## INPUT MATERIAL
▶
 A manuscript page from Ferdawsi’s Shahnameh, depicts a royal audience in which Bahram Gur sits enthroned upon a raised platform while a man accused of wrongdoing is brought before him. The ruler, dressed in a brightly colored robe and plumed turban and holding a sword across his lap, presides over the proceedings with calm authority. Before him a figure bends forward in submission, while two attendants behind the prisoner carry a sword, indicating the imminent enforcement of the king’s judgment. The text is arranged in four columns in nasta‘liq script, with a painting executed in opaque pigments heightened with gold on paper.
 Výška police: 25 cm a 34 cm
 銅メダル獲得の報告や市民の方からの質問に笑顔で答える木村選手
◀
▶
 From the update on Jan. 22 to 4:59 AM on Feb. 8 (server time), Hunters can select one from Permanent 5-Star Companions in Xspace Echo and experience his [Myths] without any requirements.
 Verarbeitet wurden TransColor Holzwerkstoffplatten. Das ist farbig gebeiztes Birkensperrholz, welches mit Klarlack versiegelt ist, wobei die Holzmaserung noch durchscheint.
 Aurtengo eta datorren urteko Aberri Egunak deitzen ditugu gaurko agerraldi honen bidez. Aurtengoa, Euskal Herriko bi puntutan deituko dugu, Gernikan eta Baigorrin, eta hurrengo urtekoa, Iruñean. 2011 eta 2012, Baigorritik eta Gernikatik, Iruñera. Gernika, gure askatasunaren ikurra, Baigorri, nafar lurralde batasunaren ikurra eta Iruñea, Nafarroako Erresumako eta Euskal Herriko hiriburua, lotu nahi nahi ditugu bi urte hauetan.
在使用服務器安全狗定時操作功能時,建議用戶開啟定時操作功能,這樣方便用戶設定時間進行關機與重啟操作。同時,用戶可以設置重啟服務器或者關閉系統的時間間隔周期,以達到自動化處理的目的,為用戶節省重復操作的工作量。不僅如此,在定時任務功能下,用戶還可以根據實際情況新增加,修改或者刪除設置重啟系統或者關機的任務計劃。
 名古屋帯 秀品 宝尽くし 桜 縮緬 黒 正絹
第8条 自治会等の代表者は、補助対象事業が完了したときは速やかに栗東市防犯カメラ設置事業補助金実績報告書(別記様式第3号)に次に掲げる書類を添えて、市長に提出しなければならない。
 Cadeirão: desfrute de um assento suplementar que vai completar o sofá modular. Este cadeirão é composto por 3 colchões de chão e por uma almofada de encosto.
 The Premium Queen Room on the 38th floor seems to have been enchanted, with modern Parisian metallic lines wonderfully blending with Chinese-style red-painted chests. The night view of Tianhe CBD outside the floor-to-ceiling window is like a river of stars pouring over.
◀
Copy out, exactly and alone, the lines of the entries above between the ones holding "Cadeirão: desfrute de" and "The Premium Queen", inclusive.

## SOLUTION FOR THIS EXERCISE
 Cadeirão: desfrute de um assento suplementar que vai completar o sofá modular. Este cadeirão é composto por 3 colchões de chão e por uma almofada de encosto.
 The Premium Queen Room on the 38th floor seems to have been enchanted, with modern Parisian metallic lines wonderfully blending with Chinese-style red-painted chests. The night view of Tianhe CBD outside the floor-to-ceiling window is like a river of stars pouring over.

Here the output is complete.